» TO DO
Retype the listing exactly. Leave out the images.

» DATA
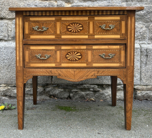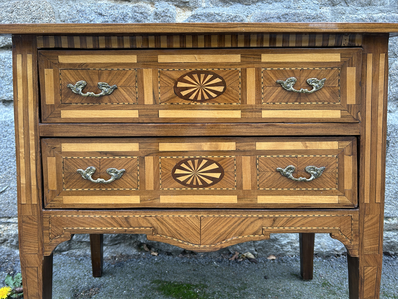 Rare petite commode Empire tardif datant de la fin du XIXᵉ siècle , remarquable par la finesse de sa marqueterie géométrique et l’harmonie de ses proportions. La façade, soigneusement composée, est animée de rosaces marquetées et de filets délicats, révélant un travail d’ébénisterie précis et décoratif. Les poignées en bronze d’origine, finement ciselées, soulignent l’élégance discrète de l’ensemble.
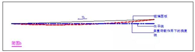 大家可以想到,風荷載屬于可變荷載,在風壓消失的時候,它對玻璃的荷載消失,所產(chǎn)生的變形相應消失,而玻璃的自重屬于永久荷載,它對玻璃產(chǎn)生的變形卻不會消失,那么它的變形就會如圖所示的那樣,在玻璃中部會有凹陷,形成一個天然的水坑或者說是垃圾坑,那么造成積水積灰就成必然了。
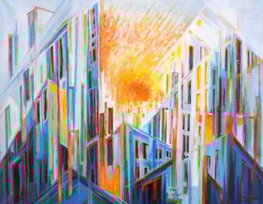 The city has eyes. This series captures the pulse of city life, blending abstract forms with cultural symbols to spark conversation.
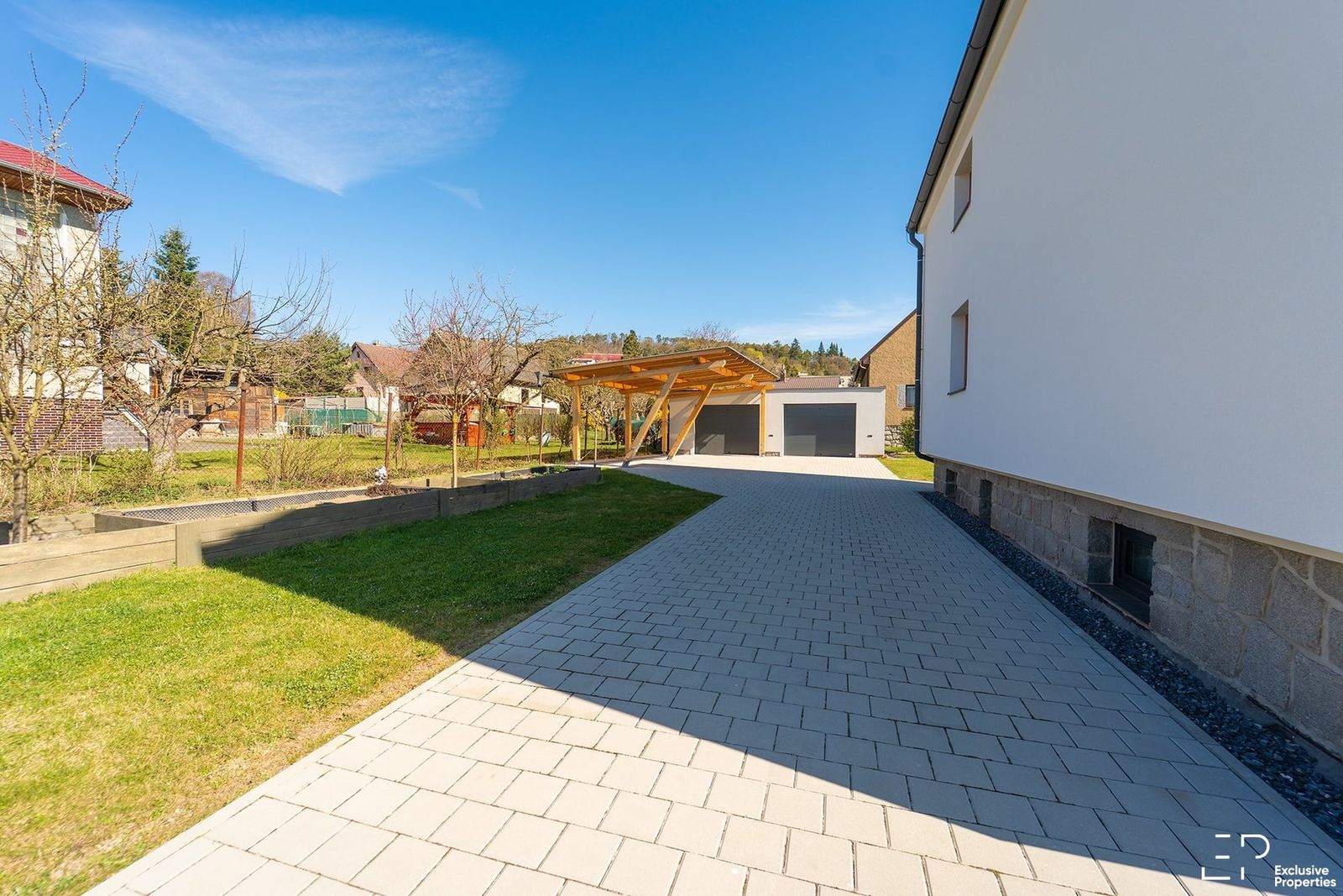 Celková výměra pozemku činí 962 m², z toho zastavěná plocha domu je 121 m². Součástí je také dvougaráž o velikosti 54 m², zastřešené parkovací stání pro dvě vozidla a udržovaná zahrada o výměře 743 m². Na pozemku se navíc nachází volná stavební parcela o velikosti 44 m², která nabízí další potenciál pro rozšíření.

» RESULT OF THIS TASK
 Rare petite commode Empire tardif datant de la fin du XIXᵉ siècle , remarquable par la finesse de sa marqueterie géométrique et l’harmonie de ses proportions. La façade, soigneusement composée, est animée de rosaces marquetées et de filets délicats, révélant un travail d’ébénisterie précis et décoratif. Les poignées en bronze d’origine, finement ciselées, soulignent l’élégance discrète de l’ensemble.
 大家可以想到,風荷載屬于可變荷載,在風壓消失的時候,它對玻璃的荷載消失,所產(chǎn)生的變形相應消失,而玻璃的自重屬于永久荷載,它對玻璃產(chǎn)生的變形卻不會消失,那么它的變形就會如圖所示的那樣,在玻璃中部會有凹陷,形成一個天然的水坑或者說是垃圾坑,那么造成積水積灰就成必然了。
 The city has eyes. This series captures the pulse of city life, blending abstract forms with cultural symbols to spark conversation.
 Celková výměra pozemku činí 962 m², z toho zastavěná plocha domu je 121 m². Součástí je také dvougaráž o velikosti 54 m², zastřešené parkovací stání pro dvě vozidla a udržovaná zahrada o výměře 743 m². Na pozemku se navíc nachází volná stavební parcela o velikosti 44 m², která nabízí další potenciál pro rozšíření.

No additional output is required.